Unions were very important to private sector workers at one time.  When I was a 
young guy, I work on the log booms on Canada's west coast.  I and the guys I 
worked with were members of the International Woodworkers of America and proud 
of it.  The union made sure we were well treated and well paid.  I got $2.12 an 
hour, which was top rate (well, it was the early 1950's).

It's not the same at all now.  Machines have displaced a lot of things people 
used to do and a lot of jobs have been shipped overseas to Asia.  The 
relationship between labour and management has changed, with management being 
more powerful and labour more replaceable.  Government intervention is now much 
more prominent than it was.  The Government of Canada wouldn't let postal or 
Air Canada workers strike and the Government of Ontario has frozen the wages of 
the province's teachers.  In the US, Wisconsin's anti-union legislation may 
have the most blatant recent thing, but it's certainly not the only thing.

Ed

  ----- Original Message ----- 
  From: Ray Harrell 
  To: 'RE-DESIGNING WORK, INCOME DISTRIBUTION,EDUCATION' 
  Sent: Tuesday, September 04, 2012 2:28 PM
  Subject: Re: [Futurework] Fw: Whither unions?
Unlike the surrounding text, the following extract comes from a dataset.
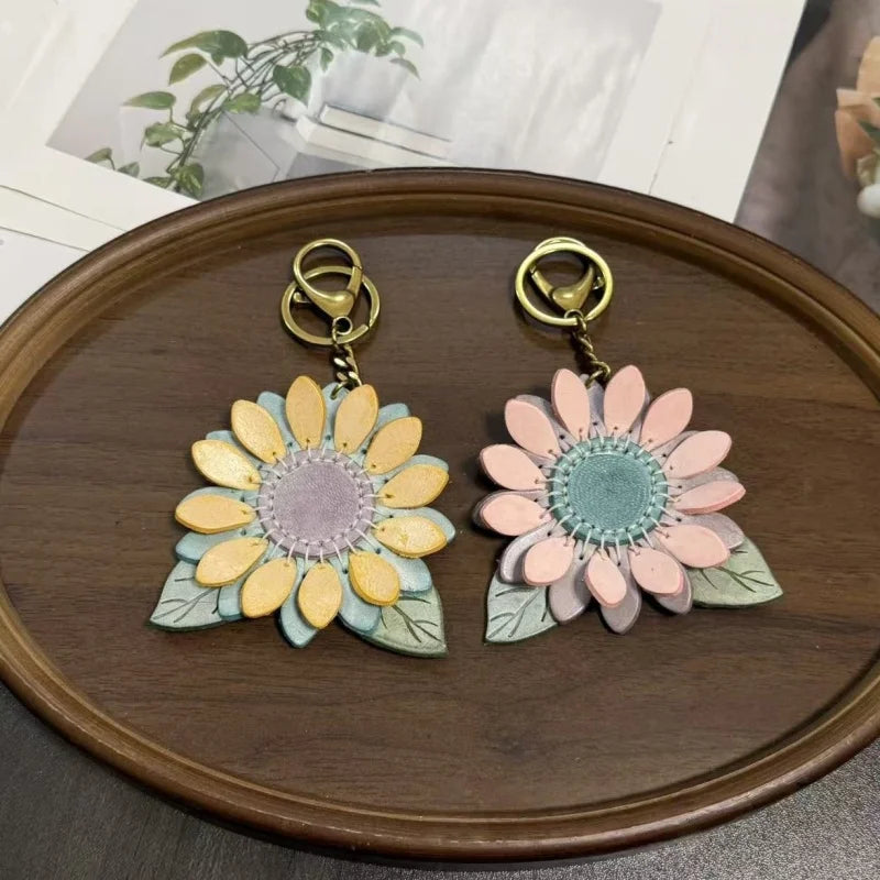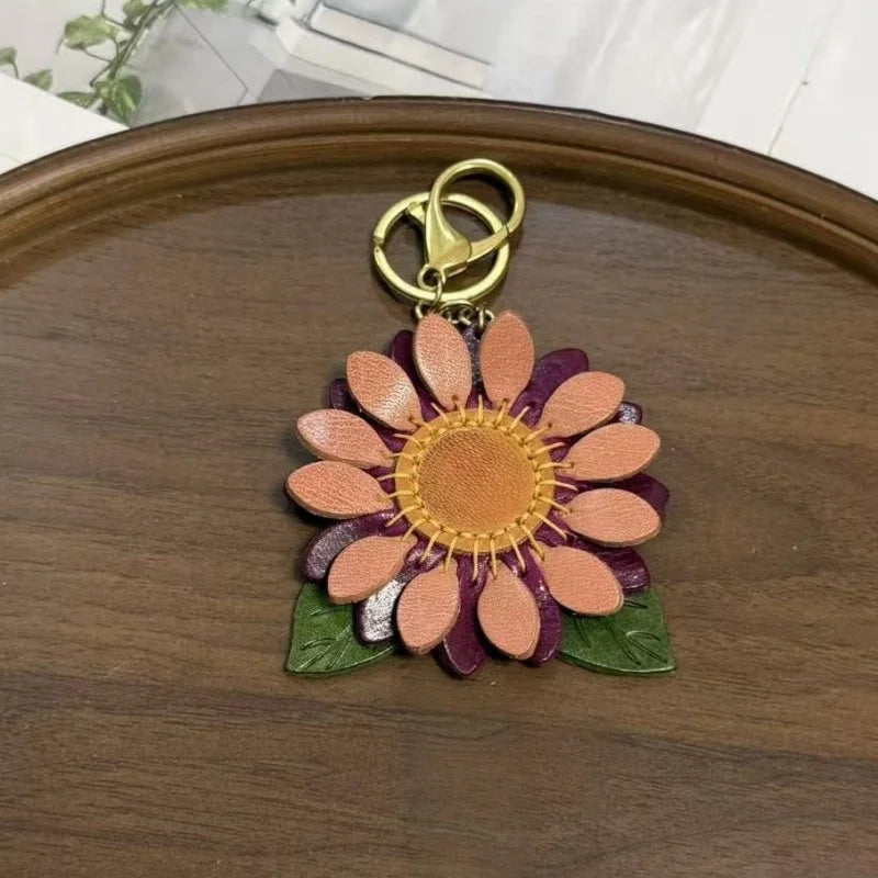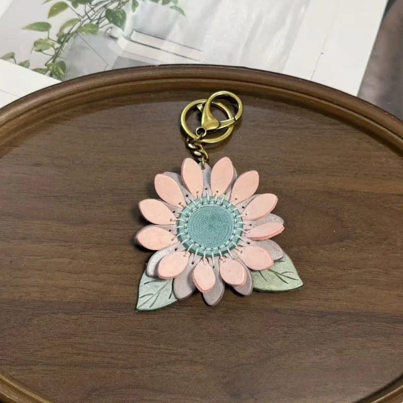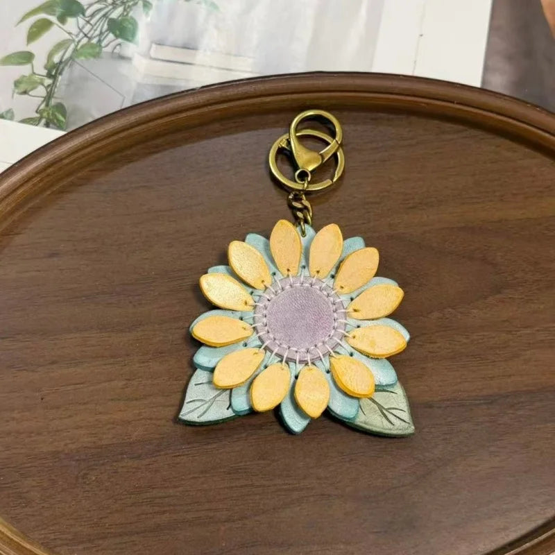 This sunflower leather bag charm is thoughtfully handcrafted from premium full-grain leather with a soft waxed finish, offering both tactile warmth and lasting durability. Designed with layered petals and delicate hand stitching, it captures the natural elegance of a sunflower in a calm, understated form—perfect for women who appreciate refined details rather than bold statements.

  The private sector workers don't want to think or be responsible.  They just 
want to be told what to do and then go home, have a beer and watch TV.    
That's why the only way the private sector can gut public unions is to 
legislate them out of existence like in Wisconsin. 

   

  REH

   

  From: [email protected] 
[mailto:[email protected]] On Behalf Of Ed Weick
  Sent: Tuesday, September 04, 2012 12:59 PM
  To: 'RE-DESIGNING WORK, INCOME DISTRIBUTION, EDUCATION'
  Subject: [Futurework] Fw: Whither unions?

   

  Interesting article by Bruce Cheadle in today's Ottawa Citizen on the state 
of unions in Canada:

   

  
http://www.ottawacitizen.com/business/opportunity+union+revival/7184414/story.html

   

  Some quotes:

  Figures from Statistics Canada suggest the labour movement in Canada is in a 
30-year decline. And while numbers have stabilized in recent years, organized 
labour is surviving but not thriv-ing - and anchored disproportionately in the 
public sector.

  Just less than 30 per cent of the workforce - some 4.3 million employees - 
was unionized in 2011, a slight increase both in percentage and absolute 
numbers over 2010.

  But the public sector, including civil servants, Crown corporations, schools 
and hospitals, dominated. More than 71 per cent of the public sphere was 
unionized, while in the private sector that number plummets to 16 per cent.